#### YOUR TASK:
When you reach a picture, pass over it; otherwise repeat the listing word for word.

#### DATASET EXCERPT:
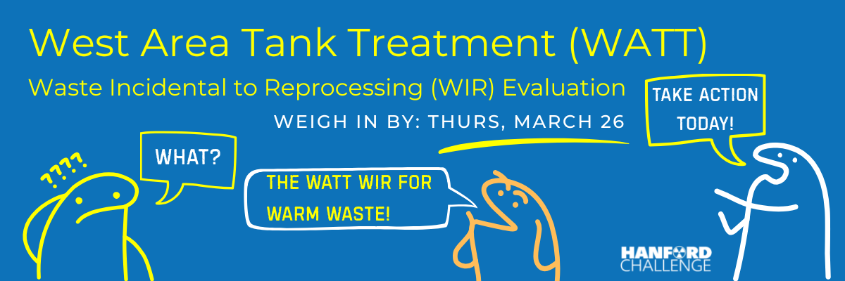 For Washington State Department of Ecology Hanford public comment periods and notices, click here. For U.S. Department of Energy Hanford public comments, notices, and events, click here.
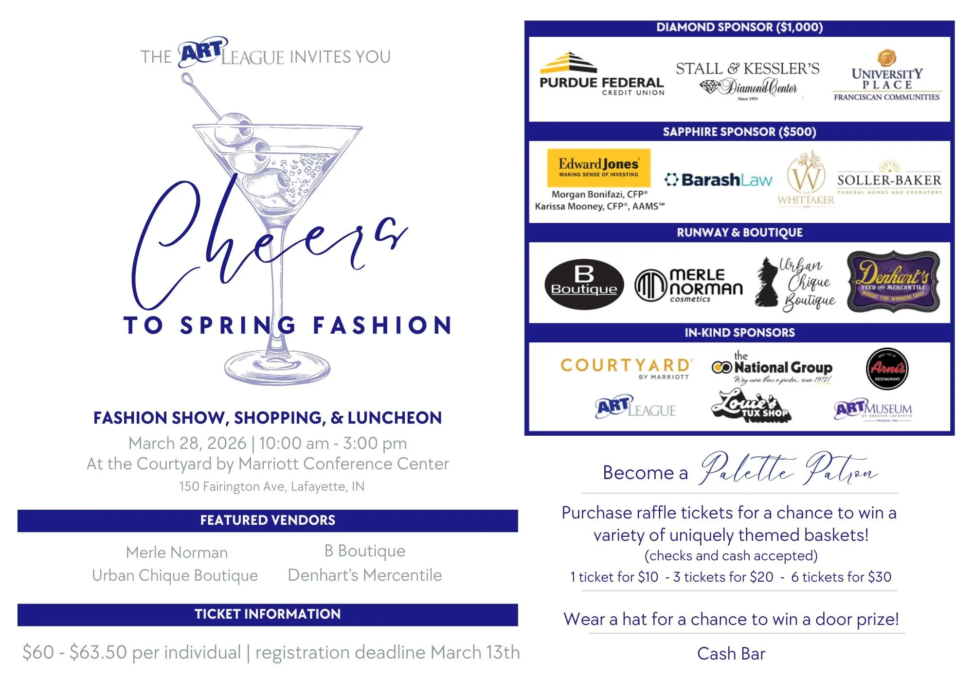 Join us for a style-filled day at the Art League’s annual Fashion Show fundraiser! Shop stunning pieces off the runway or on the rack, enjoy drinks from the cash bar, bid on fabulous raffle baskets, and savor a delicious lunch all in support of the arts.
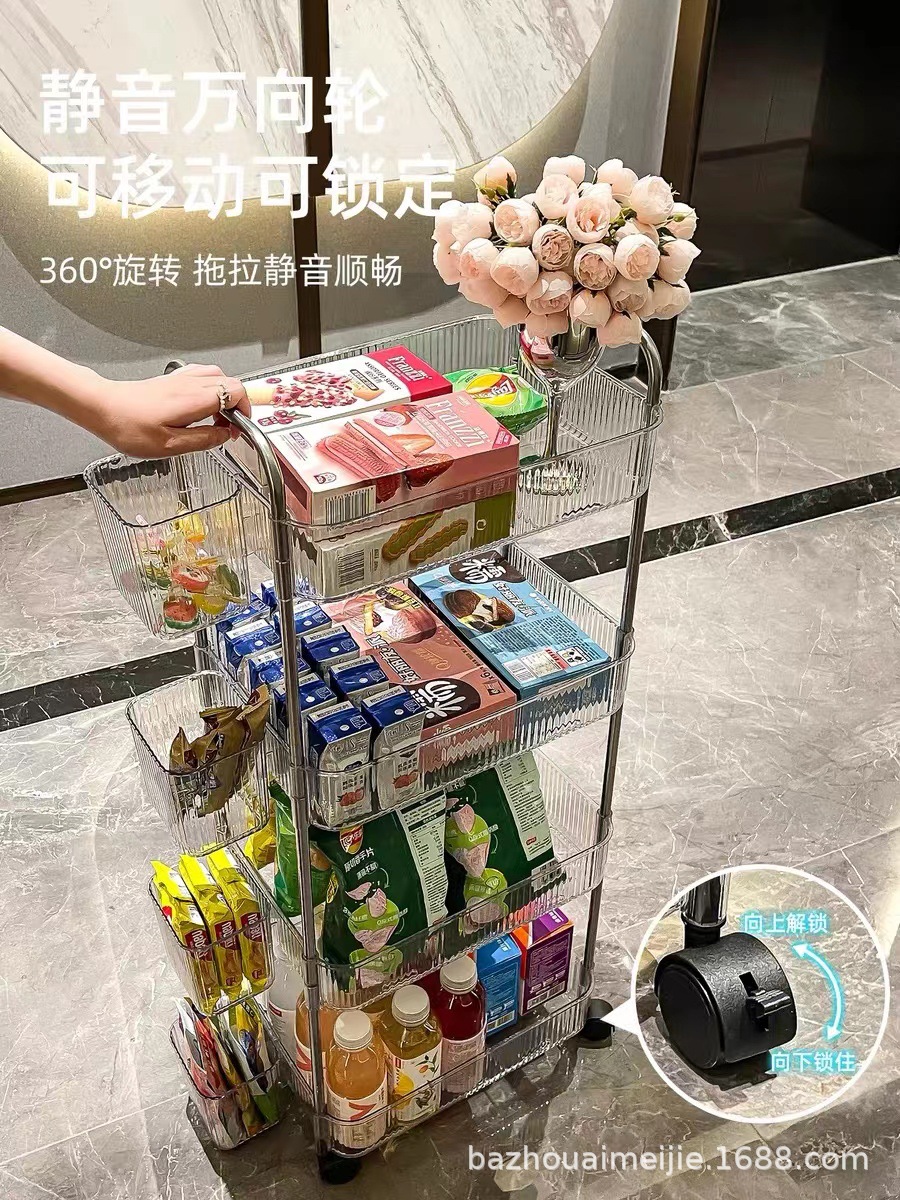 트롤리 보관 랙 가정용 스낵 다층 보관 책장 이동식 주방 아크릴 플라스틱 보관 랙

#### SOLUTION:
 For Washington State Department of Ecology Hanford public comment periods and notices, click here. For U.S. Department of Energy Hanford public comments, notices, and events, click here.
 Join us for a style-filled day at the Art League’s annual Fashion Show fundraiser! Shop stunning pieces off the runway or on the rack, enjoy drinks from the cash bar, bid on fabulous raffle baskets, and savor a delicious lunch all in support of the arts.
 트롤리 보관 랙 가정용 스낵 다층 보관 책장 이동식 주방 아크릴 플라스틱 보관 랙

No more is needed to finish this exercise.